Execute flash attention with automatic optimization.

Convenience function that uses a default executor and flash attention module.

Parameters
  • query – Query tensor [batch, seq_len, num_heads, head_dim]

  • key – Key tensor [batch, seq_len_k, num_heads, head_dim]

  • value – Value tensor [batch, seq_len_k, num_heads, head_dim]

  • mask_info – Optional MaskInfo containing attention mask and/or segment IDs

  • bias – Optional attention bias tensor

  • softmax_scale – Scaling factor for attention scores (default: 1/sqrt(head_dim))

  • dropout_prob – Dropout probability for attention weights

  • causal – Whether to apply causal masking

  • dropout_seed – Random seed for dropout

  • cum_seqlens_q – Cumulative sequence lengths for variable-length queries

  • cum_seqlens_k – Cumulative sequence lengths for variable-length keys

  • sliding_window – Window size for local attention (int or (left, right) tuple)

  • logits_soft_cap – Optional soft cap value for logits

  • platform – Specific platform to use (“triton”, “pallas”, “cuda”, or “xla”)

  • cfg – Optional configuration override

  • mesh – JAX device mesh for shard_map execution (optional)

  • in_specs – Input partition specs for shard_map (optional)

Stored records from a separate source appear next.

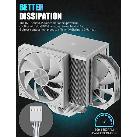 -Efficient Cooling Performance:The innovative dual tower structure of this cpu cooler provides superior cooling efficiency and airflow even when playing blackmyth wukong, allowing for better thermal management and lower temperatures.Equipped with 6 high-performance heat pipes for optimal heat dissipation, this cooler for PC ensures your CPU stays cool during intense workloads and gaming sessions.
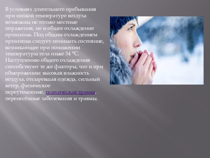 Слайд 17В условиях длительного пребывания при низкой температуре воздуха возможны не только
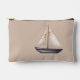 Brown Sailing Boat and Name on Beige Zubehörtasche
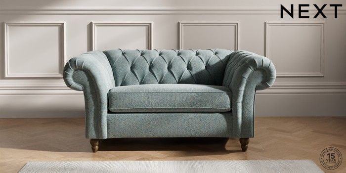 7.2.10 Gosford II Deep Sit 2 Seater Small Sofa Chunky Marl Mid Blue Low Turned - Mid | Made Click here to use our website with more accessibility support, for example screen readers
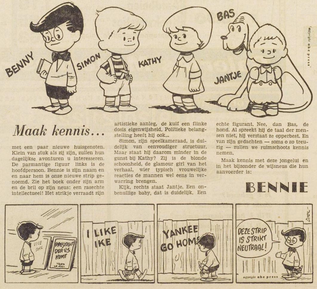 Title hero Benny is an intellectual kid, with both artistic and political talent. In a style very similar to the early 'Peanuts' strips by Charles M. Schulz, most of the humor is drawn from the kids' adult and at times philosophical dialogues, commenting on current affairs and complaining about the hardships of everyday life. Much like Charlie Brown, Benny also has an anthropomorphic beagle, with a similar mind of its own. 'Benny' ran as 'Bennie' in the Dutch newspaper Het Vrije Volk from 18 October 1960 until 17 April 1961. The British publication ended on 14 October 1961.
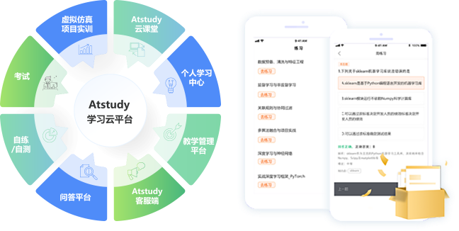 整个课程由Atstudy学习实训云平台+项目实战手册+视频讲解+作业+练习+测试组成,小白学员本地无需任何复杂的学习环境配置,开箱即用,轻松上手
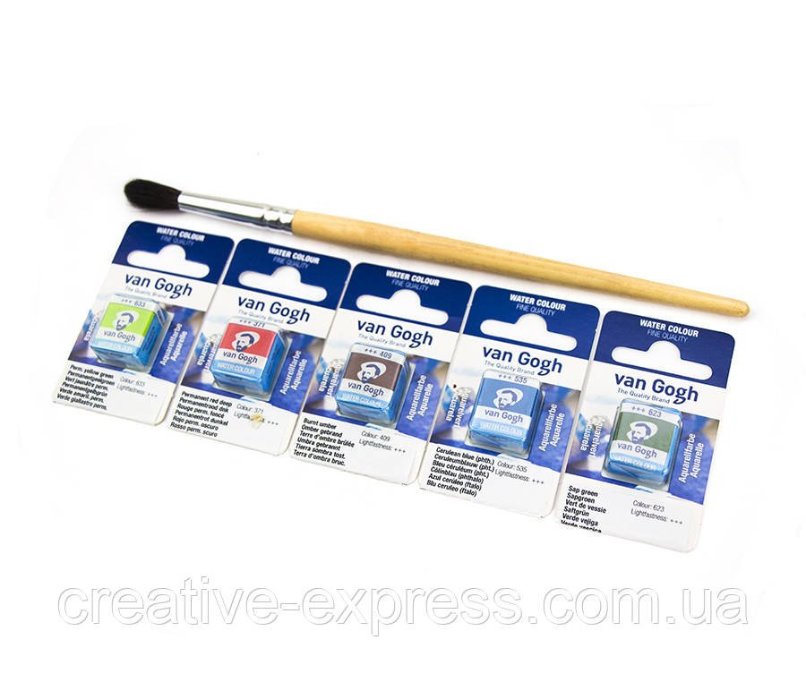 Акварель Van Gogh відрізняється яскравістю і інтенсивністю кольору. Вся палітра Van Gogh має високий ступінь світлостійкості – зберігає яскравість на протязі довгого періоду часу. Фарба легко лягає на папір, а завдяки чистоті пігменту їїкольори можна змішувати між собою, і при необхідності розмити, досягаючи тим самим потрібного ефекту. В результаті Ви можете досягати особливої виразності кольору.Гама: 40 кольорів у тубах по 10 мл; 40 кольорів у кюветахВиробник: “Royal Talens”, Нідерланди.
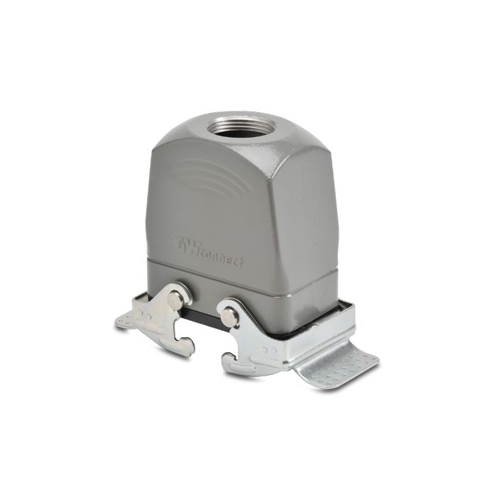 Coupler for ZIPport multi-wire industrial connector, size 10B, double lever, (1) Pg 21 threaded hole, aluminum.
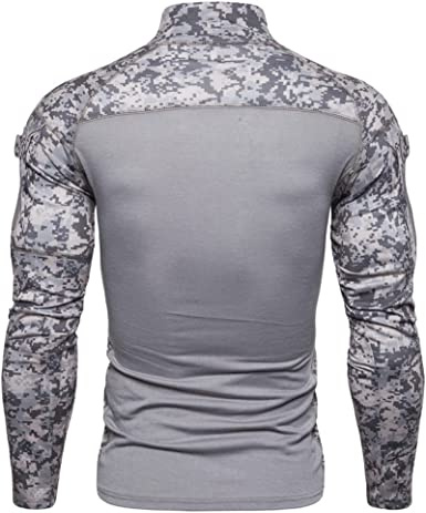 Home > Men's Casual Camouflage T-Shirts Splicing Craft Slim Fit Shirts Zipper Neckline Long Sleeve T-Shirts
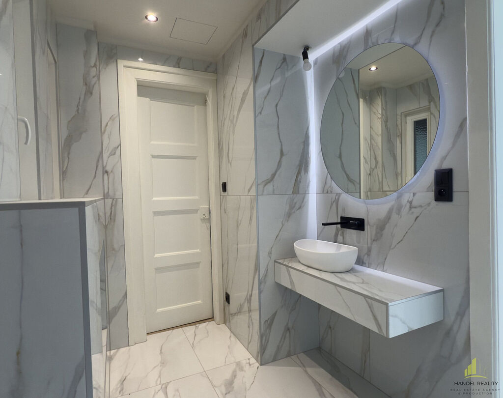 Koupelna je nově zrekonstruovaná, vybavená vanou i sprchovým koutem. O příjemné teplo se zde postará moderní tepelný žebřík, který zároveň doplňuje čistý a elegantní vzhled prostoru. Nechybí ani technická místnost kde se nachází nový plynový kotel a vývody pro pračku a sušičku, je zde dostatek místa i pro šatnu. Ve vstupní chodbě je vybudována nová šatní skříň se zrcadlem. O bezpečnost se postarají bezpečnostní dveře značky NEXT. Okna směřují jak do ulice, tak i do tichého vnitrobloku z ložnice. K bytu náleží velká společná zahrada, kterou mohou obyvatelé domu využívat pro posezení s přáteli a rodinou, odpočinek, grilování nebo třeba i vlastní zahradničení. Mimo jiné k bytu náleží i sklepní kóje.
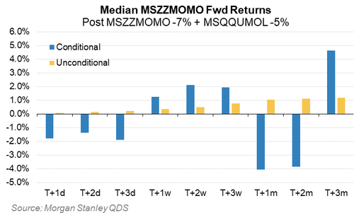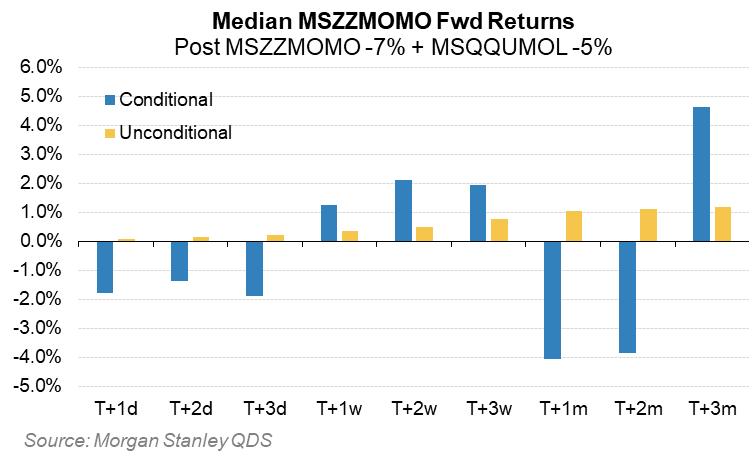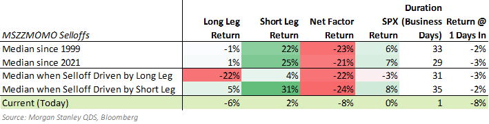 Today’s market saw a big, one-sided drop in the Morgan Stanley Long/Short Momentum pair (MSZZZMOMO) — it fell 7.7% in a single day.
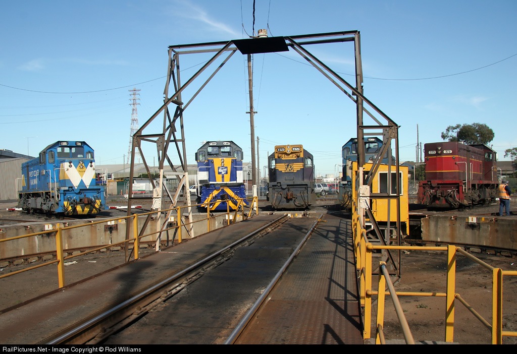 Looking across the turntable at T385 in West Coast Rail T387 in CFCLA T320 in its original Victorian Railways T369 also in WCR and T373 in Great Northern colours

  • out_specs – Output partition spec for shard_map (optional)

Returns

Attention output with same shape as query

Example

>>>
>>> out = flash_attention(query, key, value, causal=True)
>>>
>>>
>>> out = flash_attention(query, key, value, dropout_prob=0.1, softmax_scale=0.125)
>>>
>>>
>>> out = flash_attention(query, key, value, cum_seqlens_q=cu_q, cum_seqlens_k=cu_k)
>>>
>>>
>>> out = flash_attention(query, key, value, platform="triton")